Overall, the experiments conducted in this thesis were designed to compare WM processing in adult dyslexic and non-dyslexic participants, across different sensory modalities of WM. In Chapter 3, an overview of research examining WM processing in developmental dyslexia is provided, whereby it is argued that there is debate in the literature regarding the extent to which dyslexic individuals are solely impaired in phonological loop processing, or VSSP processing also. The application of behavioral and ERP techniques for helping to resolve this debate is detailed in Chapter 2, and each experimental chapter in this thesis.

Chapter Summary

Chapter 2 provided a theoretical background to WM, introducing the WM model of Baddeley and Hitch (1974; 1986; Baddeley, 2000), which forms the basis of empirical testing in this thesis. This model has been repeatedly tested and validated in the literature, and is cited consistently in research examining WM impairments in neuro-developmental disorders (see Alloway & Gathercole, 2006 for a full review). The latter half of the chapter included a review of task paradigms and analysis methods, which underlie the empirical work conducted in this thesis. Thus, the chapter ended with a review of research investigating WM and the P300. The rationale for applying these techniques to research examining WM and

developmental dyslexia is developed in chapter 3, along with a full description of the experiments conducted in each empirical chapter. The application of ERP techniques allows for a careful and temporally accurate consideration of WM processing in developmental dyslexia. Critically, as described in chapter 2, research debates the extent to which

individuals with dyslexia have a phonological loop impairment, or a general central executive impairment.
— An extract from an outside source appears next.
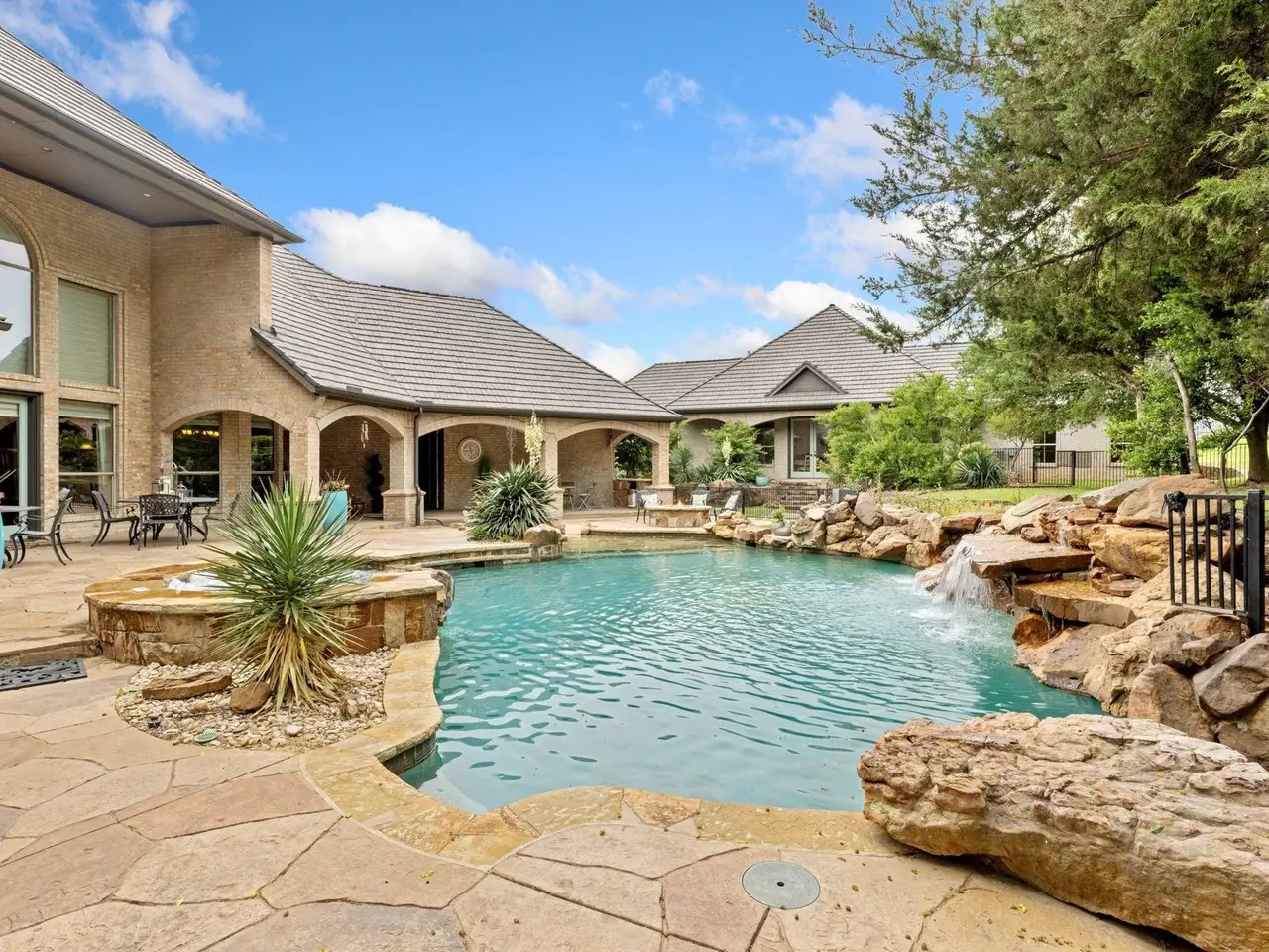 A Private Oasis in Twelve Oaks Estates: Your Yellowstone-Inspired Ranchette! This one of a kind Luxury Custom and Guest House - Peaceful and Private living in Twelve Oaks, situated on 3.45 acres with a private pond & fountain. Spectacular drive- up, as the main home, is perched over a beautiful private pond with fountain, a park-like setting surrounded by trees. From the full circle driveway, a hitch for your horses and stone steps lead up to the full covered porch and commanding double doors. Multi-Generational w Full Guest House in Twelve Oaks Estates on 3.45 acres. The Best of Both Worlds- living in south Celina and in Prosper ISD. Designed for Entertaining with a 1st Floor MEDIA includes screen, projector & stadium seating. The Living has 2 story high tall windows, stacked stone fireplace, flanked with stone shelves and a full bar. Appointed with custom millwork, moldings & polished concrete floors. Primary suite has a fireplace, exercise room. The spa-like Bath has vessel sinks, granite counters, huge shower, & sauna. The 2nd Bedroom down has a full bathroom. Upstairs leads to an amazing landing & balcony with two split Bedrooms each w ensuite baths,+ a fun Flex-living space. Resort living-lagoon Pool, Spa, Firepit, Octagonal covered Gazebo with a stone mantled fireplace and hearth Multiple patios, space for Horses to roam, kids to play soccer & fish at your private pond. MECHANICS: DaVinci 50 yr Roof Class IV Rating installed 2019, Foam Insulation for energy efficiency - main house. New Spa Heater installed - 2025, the private Pond- recently upgraded deep well for outdoor irrigation- a huge savings on water. Lot -3.45 acres - dimensions-374 ft x 383 ft, City Water and Sewer service for the home.*Where else can you find a near square interior lot with 3.45 acres, with both a Luxury Home, Separate Guest House, Resort Pool, Spa Gazebo, plus allow Horses? It's all about the Land Celina & Prosper ISD - Walnut Grove High.

Assessing the latency and amplitude of the P300, in different task contexts, allow us to examine resource allocation, as well as updating (central executive processes), in dyslexia. Unlike pure behavioural measures, the temporal precision of ERP analysis, can be

applied at encoding (where no behavioural response is generally necessary) and retrieval, in order to identify the stage at which individuals with dyslexia are impaired. Thus, these measures are critical for examining the nature of the WM impairment in developmental dyslexia.